Do a google search.  There are lots of free file recovery programs out there.  Download one, install it, and run it on your storage card while it's connected to a card reader.  You should get the file you want, as well as a bunch of others.


----------



## brush (Apr 27, 2012)

If you don't have any luck with the at home recovery programs, Wolf Camera does file recovery as well. I had a card get corrupted once & lost an entire shoot. Tried every recovery software I could fine & had no luck. Called all around to find places that could try to recover it & they were one of the few non-destructive options. Most places wanted to cut the card open, solder in new pieces, and charge me hundreds. Don't know what software Wolf used, but they not only recovered every image from the shoot I lost...but even the images from the shoot before it which I had deleted from the card.


----------



## starcluster (Apr 28, 2012)

THANK YOU guys very much for the info. : D


----------



## saraketty (May 2, 2012)

Hi starcluster,
                  You can restore your deleted photos from memory cards like SD cards, XD cards, Compact flash cards, etc using memory card recovery software. Remo Recover (Mac) - Media Edition is a memory card recovery software that can recover deleted media files from any data storage devices like USB drive, external hard drive, pen drive, etc. It can recover flash card on Mac by just few simple clicks.
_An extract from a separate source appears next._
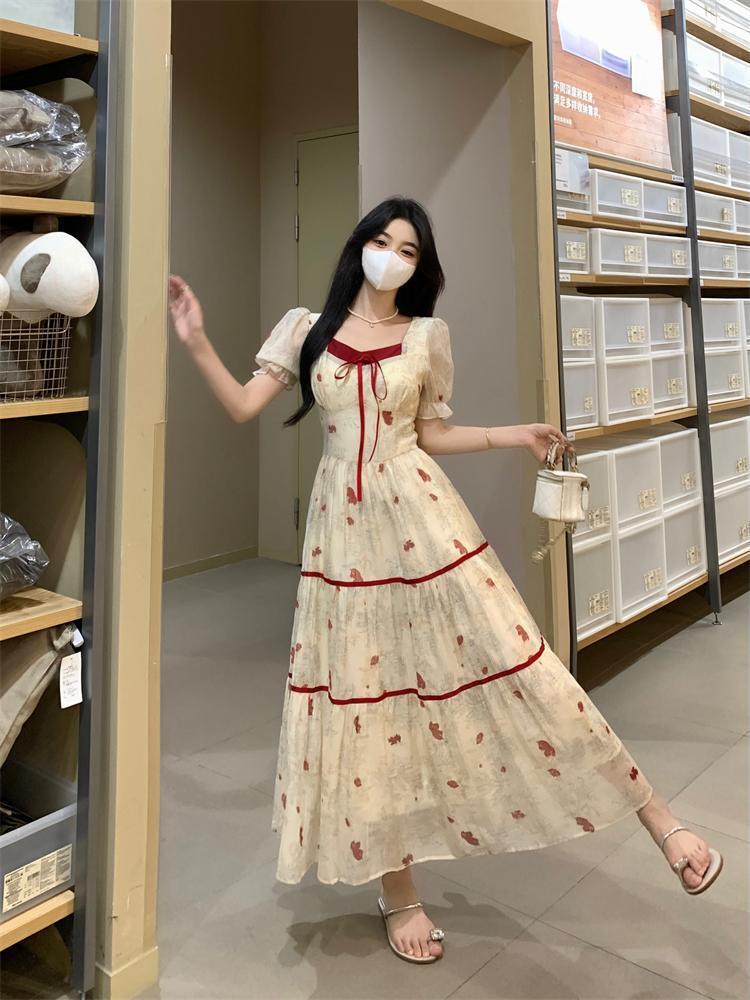 #ワンピース #ロングワンピース #大きいサイズ #花柄 #ティアードワンピース #スクエアネック #体型カバー #フリル #20代30代40代

You can download the free demo version of the software.


----------



## bratkinson (Sep 21, 2012)

As a "refresher", your camera uses the same recording method as your computer does for hard drives.  Deleting an image merely "marks" the directory entry as 'available'.  Therefore, the portion of the memory memory card 'linked to' by the directory is fair-game to be overwritten by new data.  Even taking ONE (1) more picture after the deletion MAY overwrite your accidentally deleted picture.  Take a dozen after the accidental deletion, it's definitely GONE!


----------